# WHAT YOU HAVE TO DO
In this exercise, retype exactly and only the lines from the top of the entries below through the line that holds "Keep the other", omitting pictures.

# Records from a data source
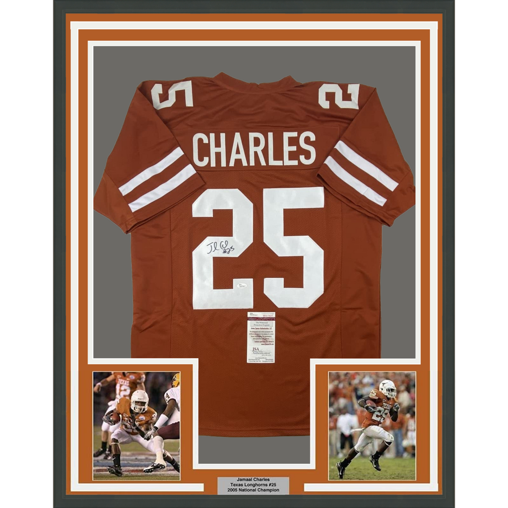 FRAMED Autographed/Signed JAMAAL CHARLES 33x42 Texas Orange College Football Jer
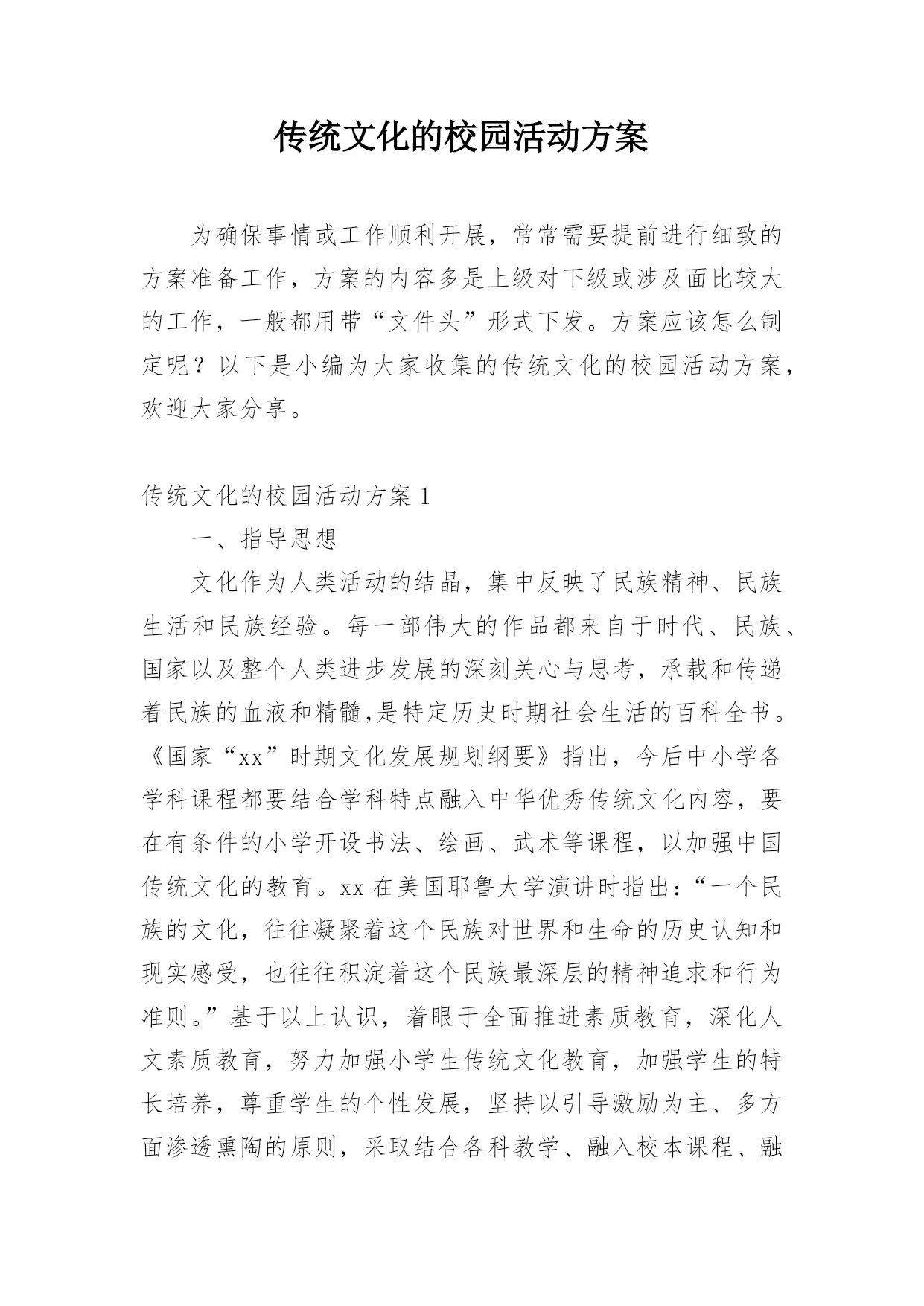 传统文化的校园活动方案为确保事情或工作顺利开展,常常需要提前进行细致的方案准备工作,方案的内容多是上级对下级或涉及面比较大的工作,一般都用带“文件头”形式下发。方案应该怎么制定呢?以下是小编为大家收集的传统文化的校园活动方案,欢迎大家分享。传统文化的校园活动方案1一、指导思想文化作为人类活动的结晶,集中反映了民族精神、民族生活和民族经验。每一部伟大的作品都来自于时代、民族、国家以及整个人类进步发展的深刻关心与思考,承载和传递着民族的血液和精髓,是特定历史时期社会生活的百科全书。《国家“xx”时期文化发展规
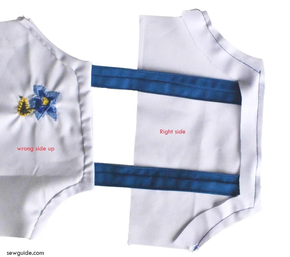 Keep the other end of the straps on top of the back bodice (right side up); keep the facing on top and sew in place. As in the picture above.
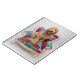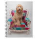 A happy Goldendoodle sitting contently on a colorful, patterned chair. This cute shaggy puppy seems to be larger than the chair but never too big to hold in your arms. With his tongue sticking out, facing the camera in this photo, he would make the perfect companion. Discover lots more cute puppies here on Zazzle with Getty Images.
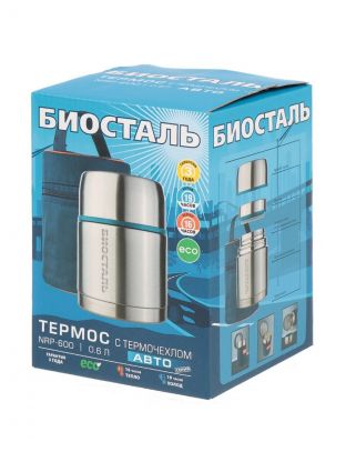 Термос для еды, нержавеющая сталь, 0.6 л, широкая горловина, Biostal, Авто, колба нержавеющая сталь, NRP-600
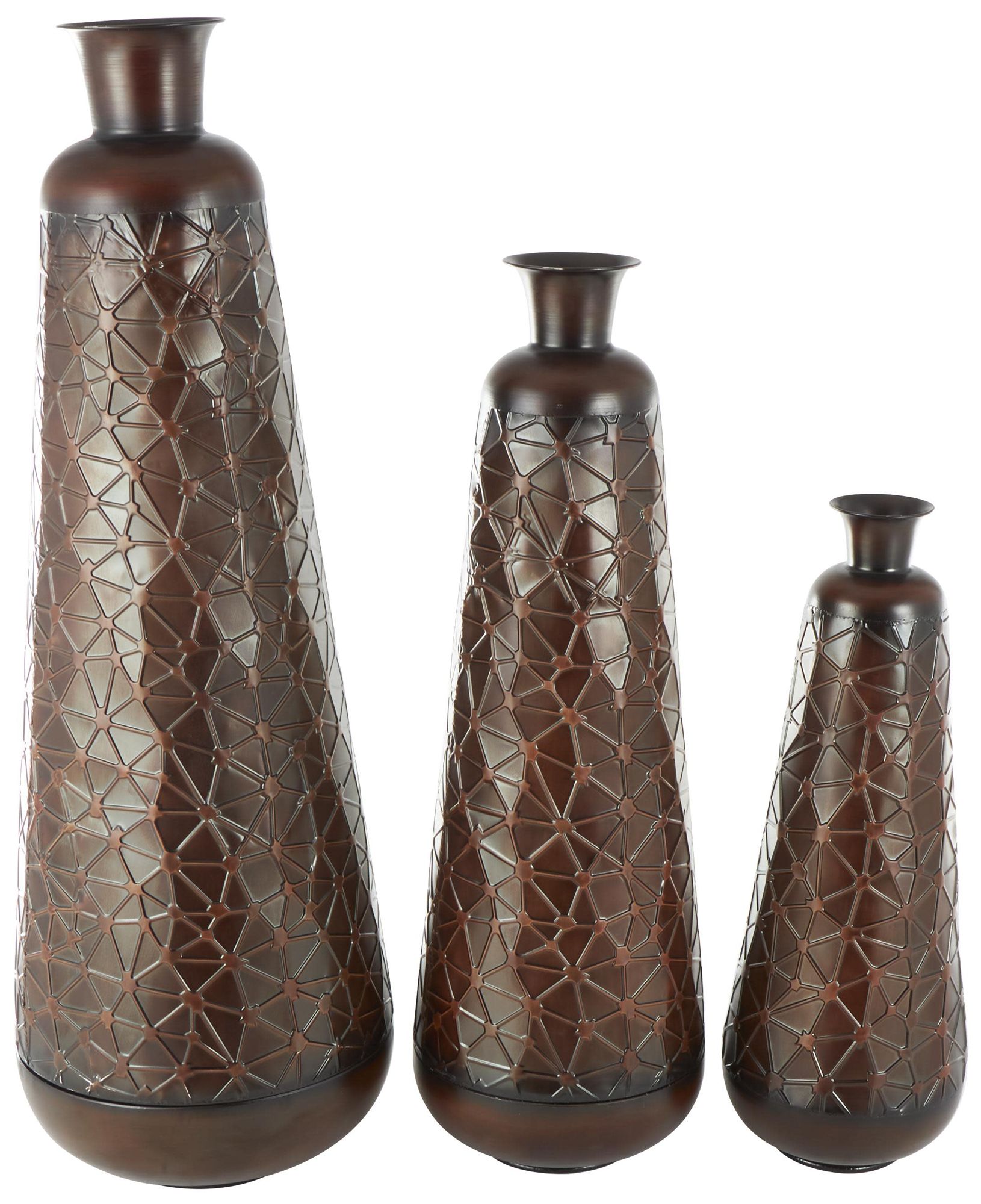 Dark Brown Metal Traditional Vase, S/3 53", 43", 32"H
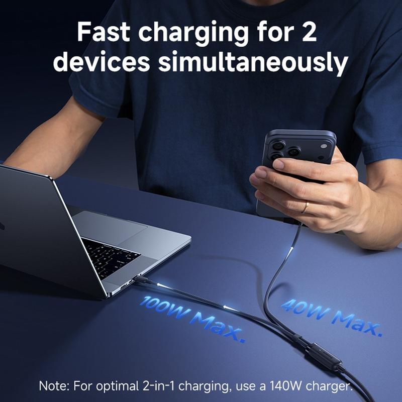 Charge two devices from one cable with the BASEUS Flash 4 2-in-1 fast charging cable. Designed for modern USB-C devices, this smart charging cable combines high power output, broad compatibility, and practical cable management in one travel-friendly solution. It supports up to 140W max for single-device charging and can also intelligently split power between two devices at the same time, making it ideal for laptops, tablets, phones, handheld consoles, and more.
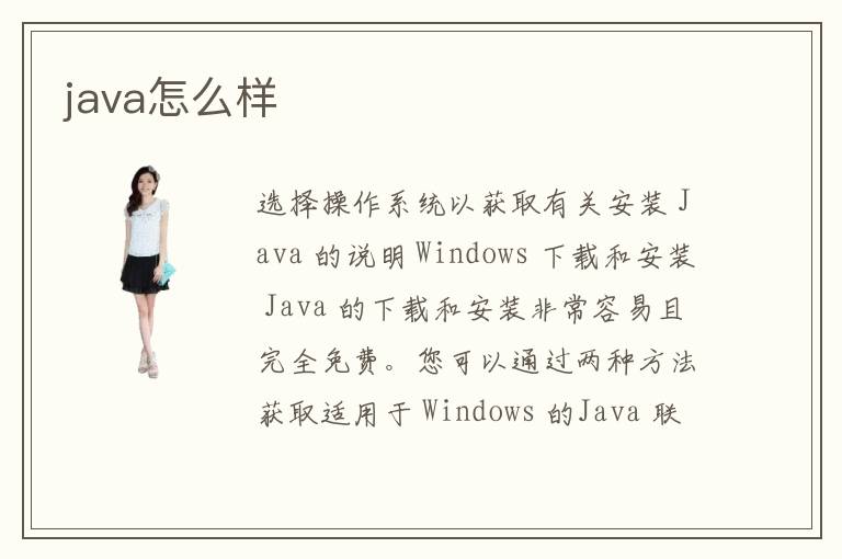 選擇操作系統(tǒng)以獲取有關(guān)安裝 Java 的說明 Windows 下載和安裝 Java 的下載和安裝非常容易且完全免費。您可以通過兩種方法獲取適用于 Windows 的Java 聯(lián)機下載 脫機下載
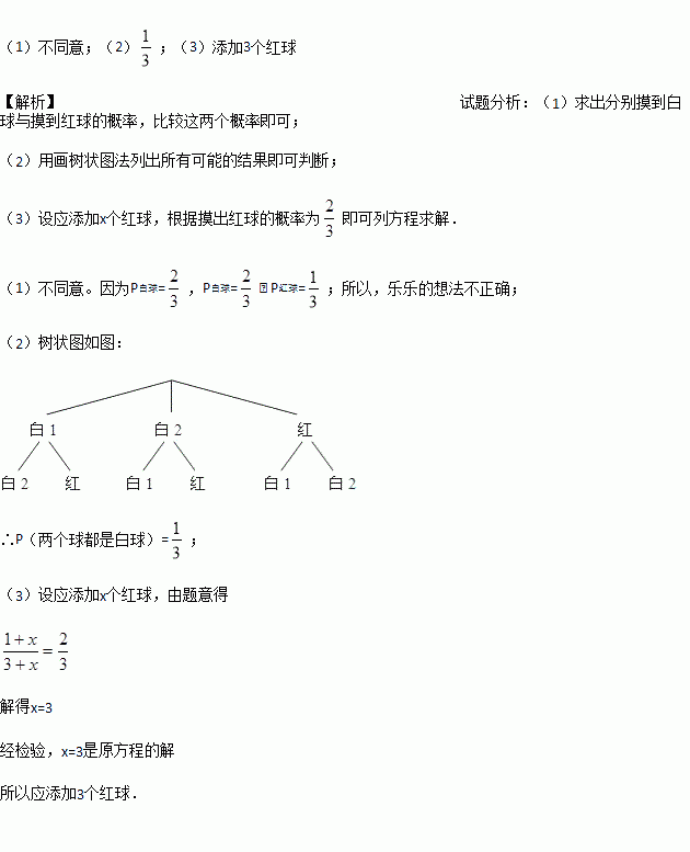 (1)小明认为,搅均后从中任意摸出一个球,不是白球就是红球,因此模出白球和模出红球这两个事件是等可能的. 你同意他的说法吗?为什么?

# EXERCISE ANSWER
 FRAMED Autographed/Signed JAMAAL CHARLES 33x42 Texas Orange College Football Jer
 传统文化的校园活动方案为确保事情或工作顺利开展,常常需要提前进行细致的方案准备工作,方案的内容多是上级对下级或涉及面比较大的工作,一般都用带“文件头”形式下发。方案应该怎么制定呢?以下是小编为大家收集的传统文化的校园活动方案,欢迎大家分享。传统文化的校园活动方案1一、指导思想文化作为人类活动的结晶,集中反映了民族精神、民族生活和民族经验。每一部伟大的作品都来自于时代、民族、国家以及整个人类进步发展的深刻关心与思考,承载和传递着民族的血液和精髓,是特定历史时期社会生活的百科全书。《国家“xx”时期文化发展规
 Keep the other end of the straps on top of the back bodice (right side up); keep the facing on top and sew in place. As in the picture above.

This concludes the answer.